* _Material for this exercise_:

=== Section Start ===

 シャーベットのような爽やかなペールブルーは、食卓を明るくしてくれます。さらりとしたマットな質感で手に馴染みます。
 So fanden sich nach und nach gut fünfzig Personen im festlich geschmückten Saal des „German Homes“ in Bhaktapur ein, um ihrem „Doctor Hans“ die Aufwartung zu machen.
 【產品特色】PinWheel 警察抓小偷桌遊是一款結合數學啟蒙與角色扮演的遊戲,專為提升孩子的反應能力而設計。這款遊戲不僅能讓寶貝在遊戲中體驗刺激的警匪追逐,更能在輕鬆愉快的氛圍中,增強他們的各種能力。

=== Section End ===
=== Section Start ===

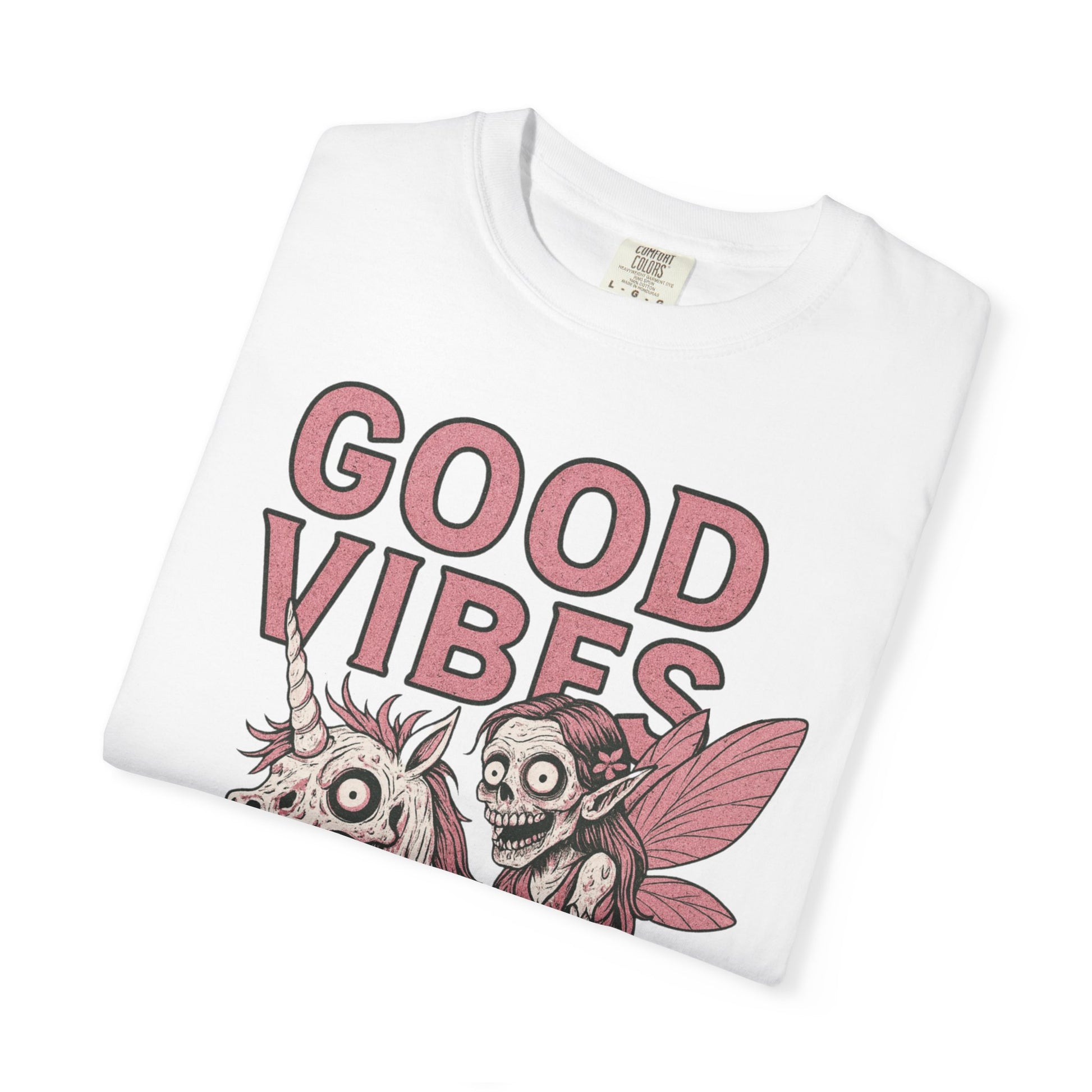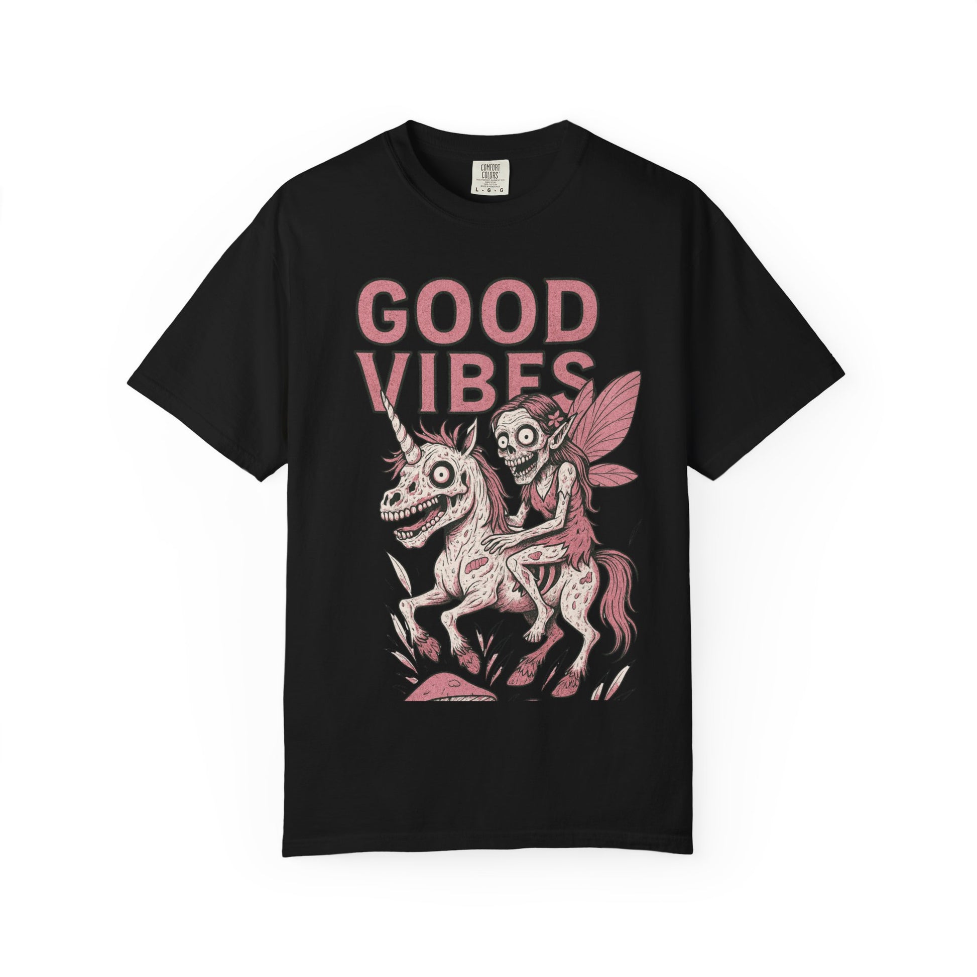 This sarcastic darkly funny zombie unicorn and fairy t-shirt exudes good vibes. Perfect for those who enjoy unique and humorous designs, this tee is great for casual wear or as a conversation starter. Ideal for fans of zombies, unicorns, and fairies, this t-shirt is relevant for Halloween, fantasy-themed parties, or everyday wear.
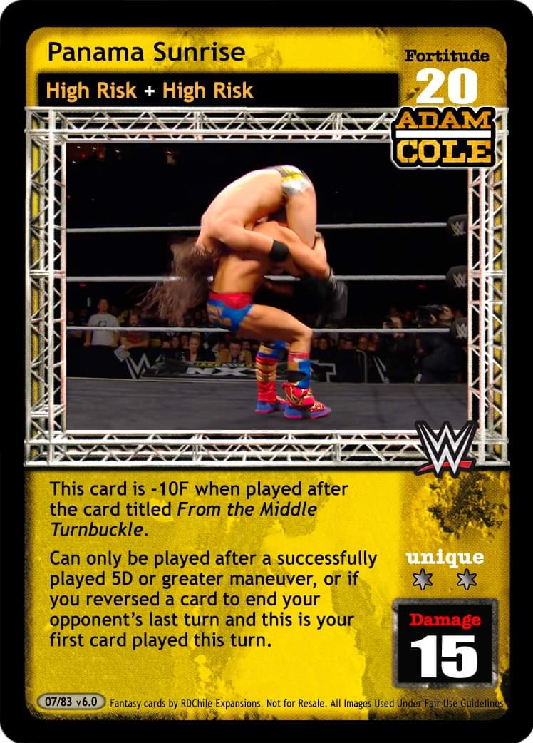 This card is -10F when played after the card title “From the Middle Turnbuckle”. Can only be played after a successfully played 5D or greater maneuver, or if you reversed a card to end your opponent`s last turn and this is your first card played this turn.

=== Section End ===

* _Task_: Using only the entries above, output the line with "シャーベットのような爽やかな", the line with "So fanden sich", and all lines between them, exactly as they stand.

* _Answer to the problem_:
 シャーベットのような爽やかなペールブルーは、食卓を明るくしてくれます。さらりとしたマットな質感で手に馴染みます。
 So fanden sich nach und nach gut fünfzig Personen im festlich geschmückten Saal des „German Homes“ in Bhaktapur ein, um ihrem „Doctor Hans“ die Aufwartung zu machen.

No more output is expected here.